GOAL OF THE EXERCISE
Repeat the data that follows exactly, starting at the line with "Також, як свідчать" and ending at the line with "2024年,公司流动比率为6.66,速动比率为5.84。", and leave out every picture.

DATA SHOWN
# # # # # # #

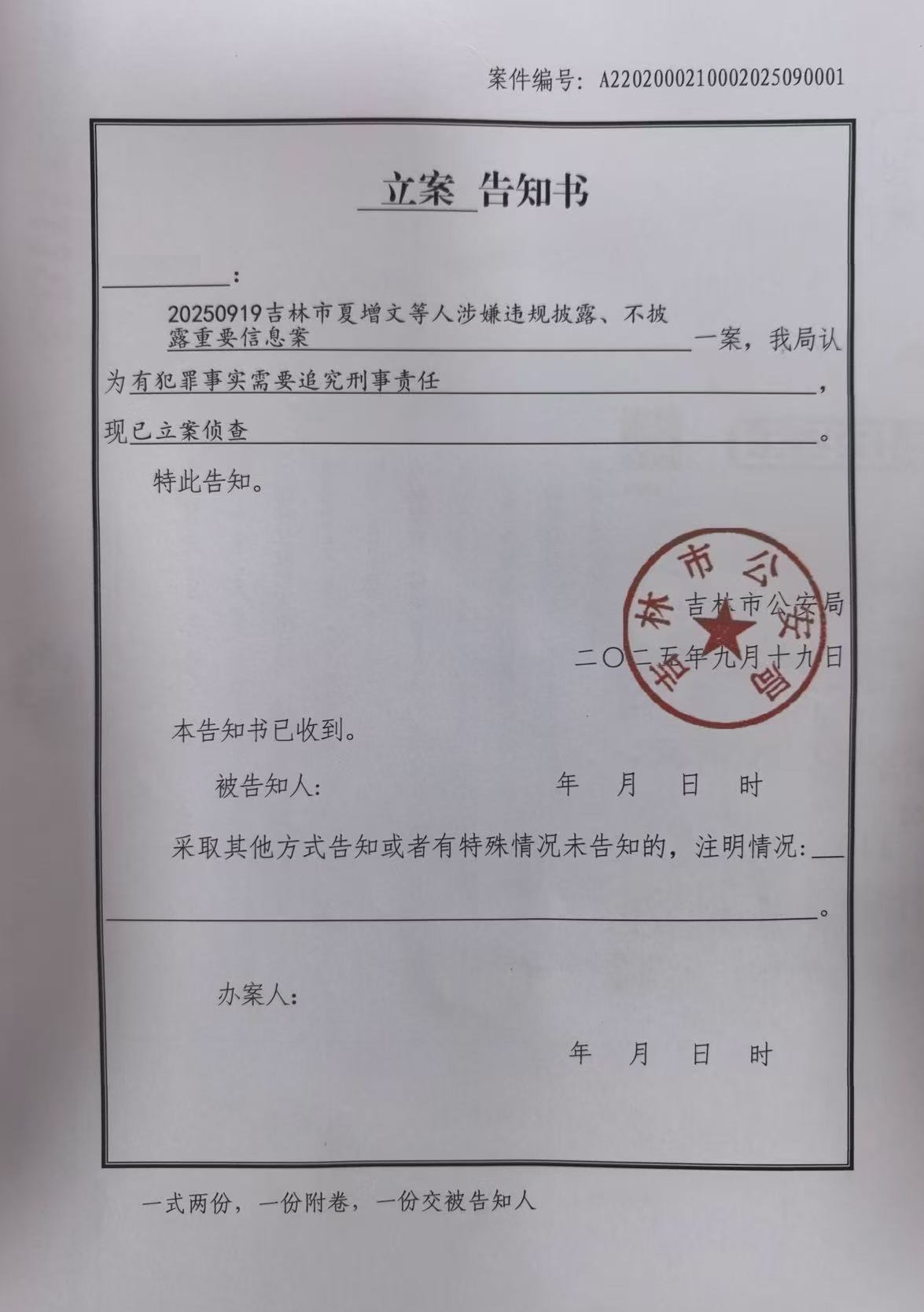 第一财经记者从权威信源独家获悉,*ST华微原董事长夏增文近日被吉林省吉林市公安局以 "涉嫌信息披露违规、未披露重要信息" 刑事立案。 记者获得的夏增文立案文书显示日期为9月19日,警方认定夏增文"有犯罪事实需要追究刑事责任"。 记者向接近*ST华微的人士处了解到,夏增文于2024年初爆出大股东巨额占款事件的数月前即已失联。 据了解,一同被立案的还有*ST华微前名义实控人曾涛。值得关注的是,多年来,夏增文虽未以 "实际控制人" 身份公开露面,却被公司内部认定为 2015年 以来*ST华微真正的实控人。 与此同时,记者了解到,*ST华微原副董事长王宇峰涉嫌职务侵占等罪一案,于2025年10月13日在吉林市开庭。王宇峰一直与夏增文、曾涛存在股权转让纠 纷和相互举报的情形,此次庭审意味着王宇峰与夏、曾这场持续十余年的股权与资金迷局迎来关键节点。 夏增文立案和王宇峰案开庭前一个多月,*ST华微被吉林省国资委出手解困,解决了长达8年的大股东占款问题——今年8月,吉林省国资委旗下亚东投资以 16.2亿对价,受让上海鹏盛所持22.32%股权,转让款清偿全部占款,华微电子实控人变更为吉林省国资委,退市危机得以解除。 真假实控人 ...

# # # # # # #

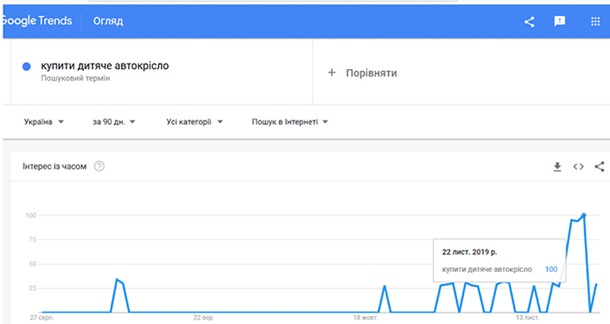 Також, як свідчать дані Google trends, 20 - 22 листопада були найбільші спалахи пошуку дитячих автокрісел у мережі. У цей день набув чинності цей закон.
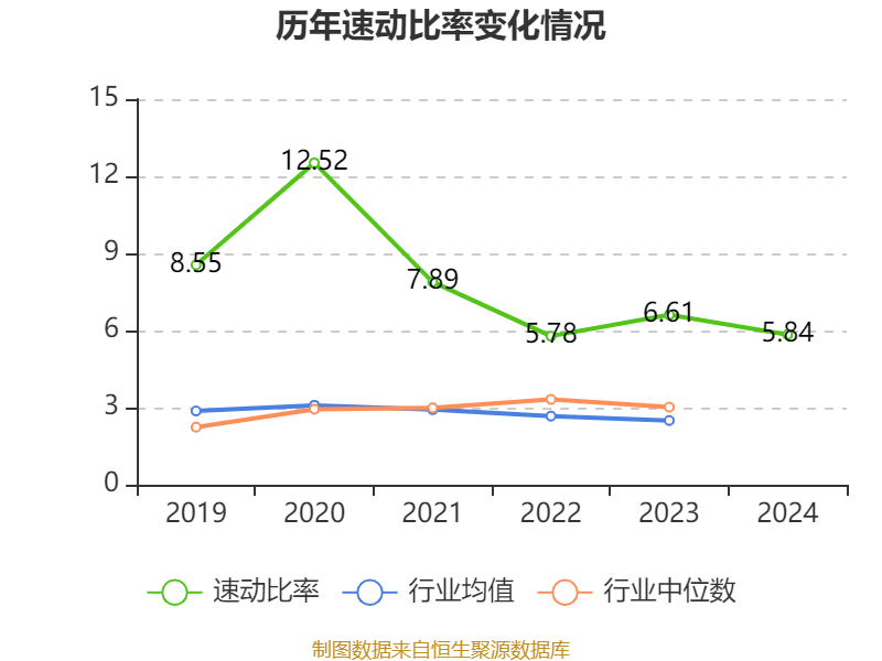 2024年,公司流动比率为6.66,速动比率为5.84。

# # # # # # #

EXERCISE RESULT
 Також, як свідчать дані Google trends, 20 - 22 листопада були найбільші спалахи пошуку дитячих автокрісел у мережі. У цей день набув чинності цей закон.
 2024年,公司流动比率为6.66,速动比率为5.84。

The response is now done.